Delivering mail to hotmail.com servers

Hi,

I'm having some problems and have been in extensive correspondence with microsoft regarding this issue with no luck - they insist that it is an issue with my mail server although they don't give any clues as to what so I thought I would ask to see if anybody had any ideas here.

Running:

Ubuntu 7.04, with Exim 4.63 Debian install, greylistd, tinydns

Every email I send (either via exim, or manuallt via a telnet session to port 25 from my server) is accepted by hotmail.com servers and queued for delivery (aparently), however the messages never reach the hotmail inbox that they are bound for. Hotmail currently have me going round in circles to satisfy their 'rules' that are all already satisfied, despite them asking me to disable all firewalls and antivirus (which I have done to please them for a test send). I have SPF on all of my domain names, have now provided axfr with tinydns in case they decided to check SPF via a TCP query - exim is bound for outgoing SMTP to my secondary IP, which has reverse dns pointing back to the correct hostname, the hostname that the mailserver is reporting in its SMTP greeting etc. - there is literally nothing I can think of at all.

Microsoft claim that:

"We can see that there are connections coming from your IP 64.22.., but there are no data packets being submitted. Our logs confirm that your server is establishing a connection to mail.hotmail.com and submitting messages for delivery. It is after Hotmail agrees to deliver your messages that your server then fails to deliver any data packets."

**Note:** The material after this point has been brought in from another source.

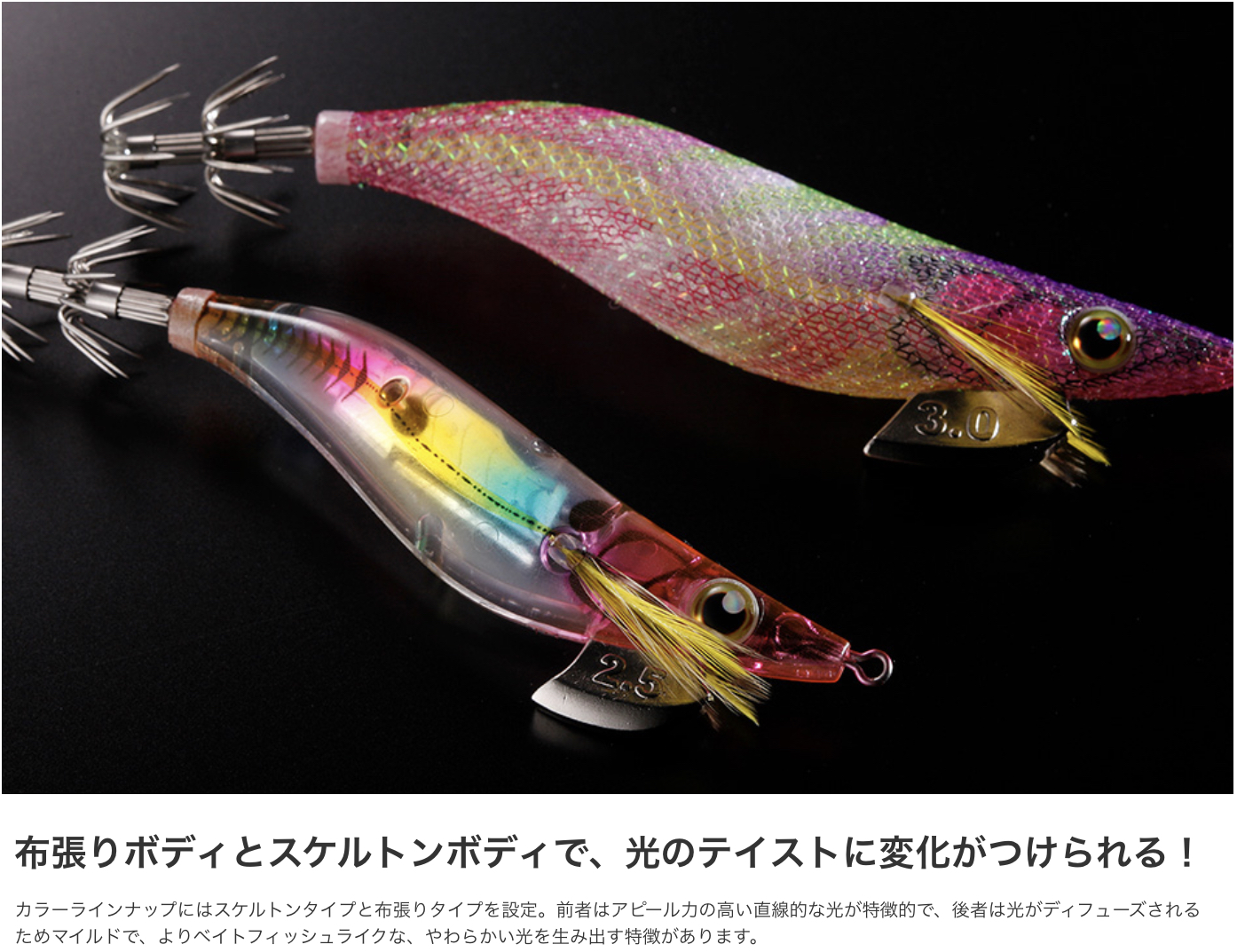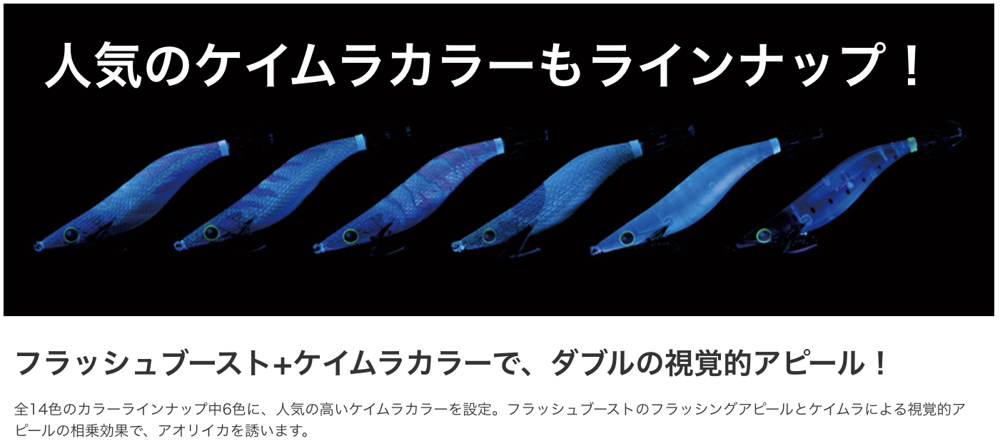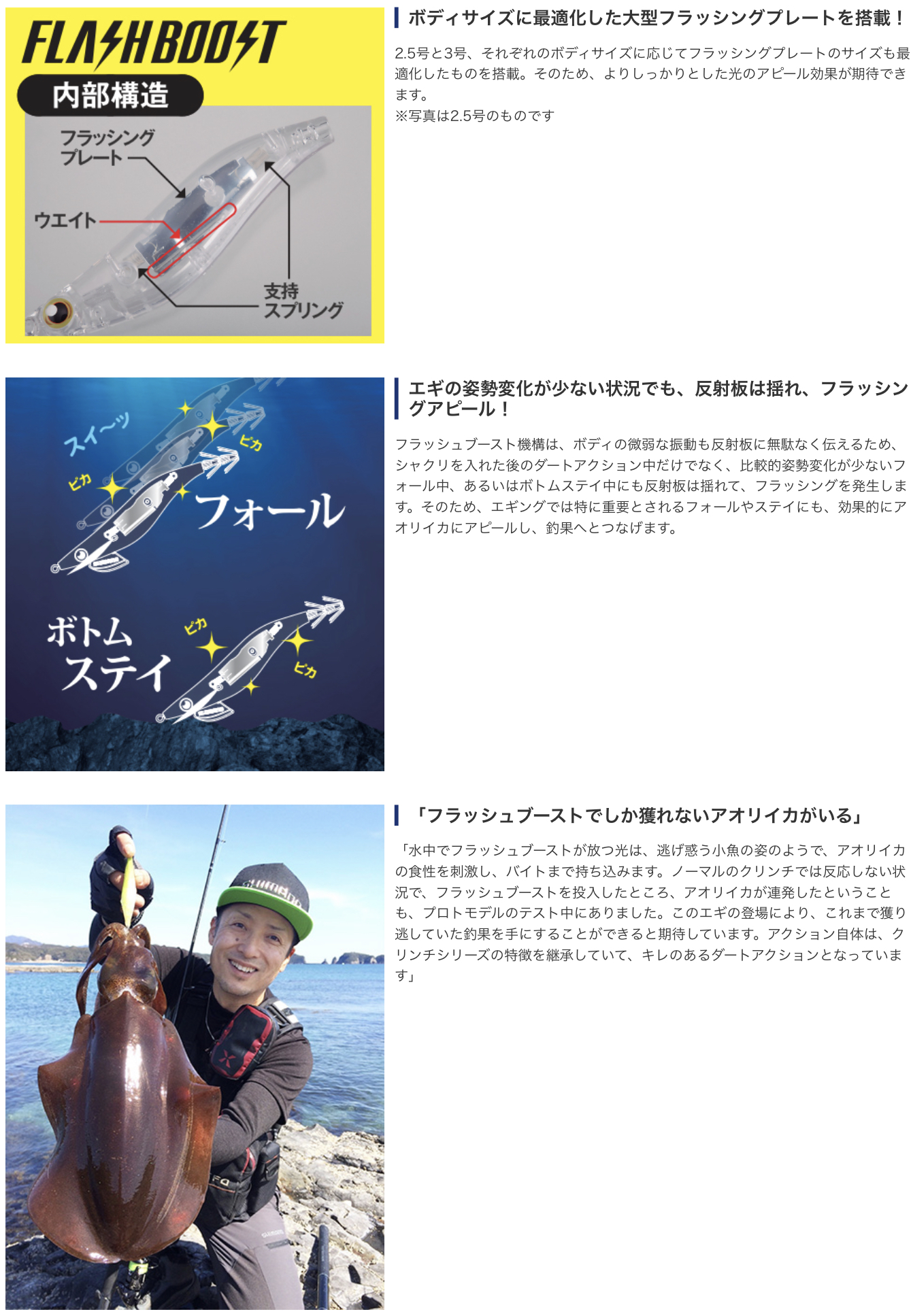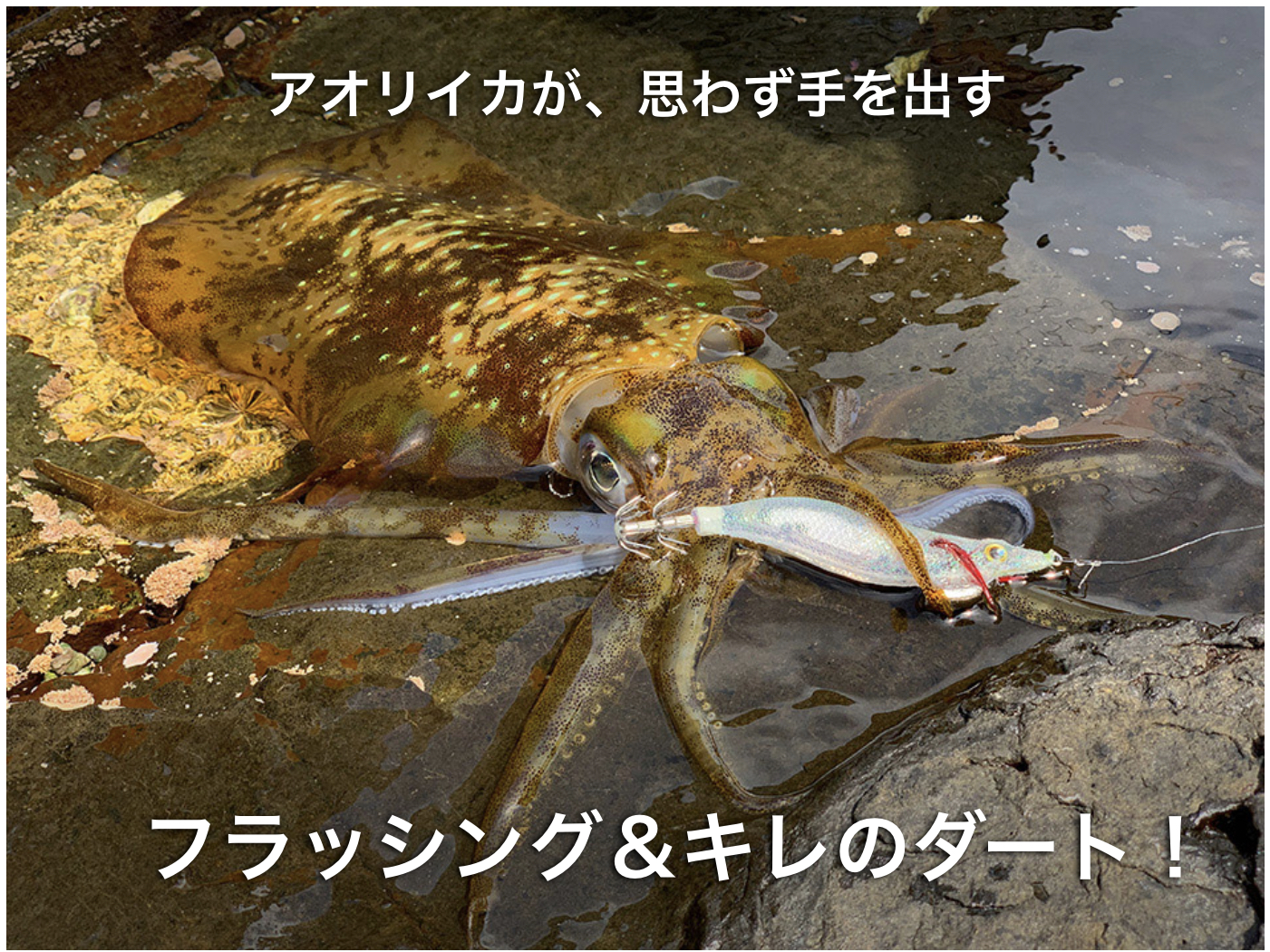 クリンチシリーズが持つ高い動力性能はそのままに、ボディ内部にフラッシュブースト機構を搭載。ダートアクション中はもちろん、フリーフォールやテンションフォール中にも反射板が揺れて、アオリイカを誘います。通常のローテーションに組み込むことで、幅広い展開が可能となります。
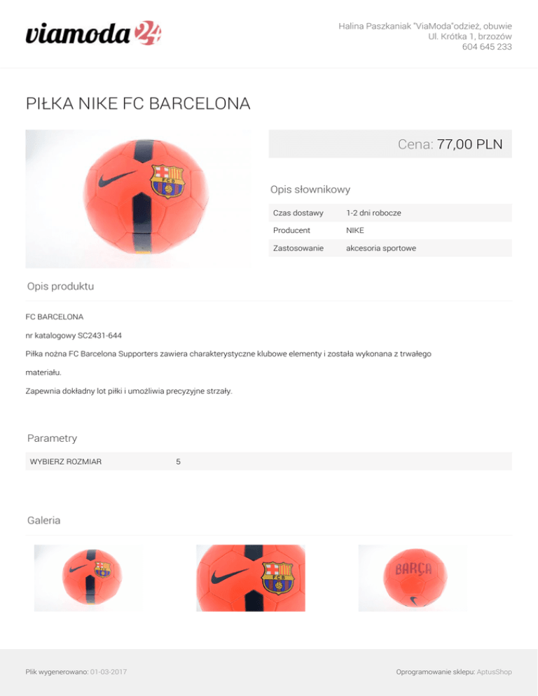 Halina Paszkaniak "ViaModa"odzież, obuwie Ul. Krótka 1, brzozów 604 645 233 PIŁKA NIKE FC BARCELONA Cena: 77,00 PLN Opis słownikowy Czas dostawy 1-2 dni robocze Producent NIKE Zastosowanie akcesoria sportowe Opis produktu FC BARCELONA nr katalogowy SC2431-644 Piłka nożna FC Barcelona Supporters zawiera charakterystyczne klubowe elementy i została wykonana z trwałego materiału. Zapewnia dokładny lot piłki i umożliwia precyzyjne strzały. Parametry WYBIERZ ROZMIAR 5 Galeria Plik wygenerowano: 01-03-2017 Powered by TCPDF (www.tcpdf.org) Oprogramowanie sklepu: AptusShop

However, here is a telnet session to hotmail server:

shaun@whisky:~$ telnet mx1.hotmail.com 25

Trying 65.54.244.8…

Connected to mx1.hotmail.com.

Escape character is '^]'.

220 bay0-mc2-f1.bay0.hotmail.com Sending unsolicited commercial or bulk e-mail to Microsoft's computer network is prohibited. Other restrictions are found at http://privacy.msn.com/Anti-spam/. Violations will result in use of equipment located in California and other states. Fri, 21 Sep 2007 10:55:07 -0700

helo rum..***

250 bay0-mc2-f1.bay0.hotmail.com (3.4.0.37) Hello [64.22..]

mail from: *@.co.uk

250 *@.co.uk….Sender OK

rcpt to: randomtestacct@hotmail.com

250 randomtestacct@hotmail.com

data

354 Start mail input; end with . Date: Fri, 21 Sep 2007

To: RandomTestAcct@Hotmail.com

From: *@.co.uk

Subject: Testing the Manual Telnet Session Data Transfer for SRX**ID

In order to determine whether the connection is accepting the data we must confirm that data is being sent. We can test this by manually entering the data. In this way we know that there is no server error which may be causing the mail to fail delivery due to improperly formatted messaging.

.

250 <BAY0-MC2-F1x4ZwzjnO0007e2db@bay0-mc2-f1.bay0.hotmail.com> Queued mail for delivery

QUIT

221 bay0-mc2-f1.bay0.hotmail.com Service closing transmission channel

Connection closed by foreign host.

This appears to be a successful SMTP session to me, despite microsofts claim - however, as with all other messages from my server to hotmail.com this never arrived - almost as if hotmail are blackholing the mail. This occurs on two IP addresses for my server.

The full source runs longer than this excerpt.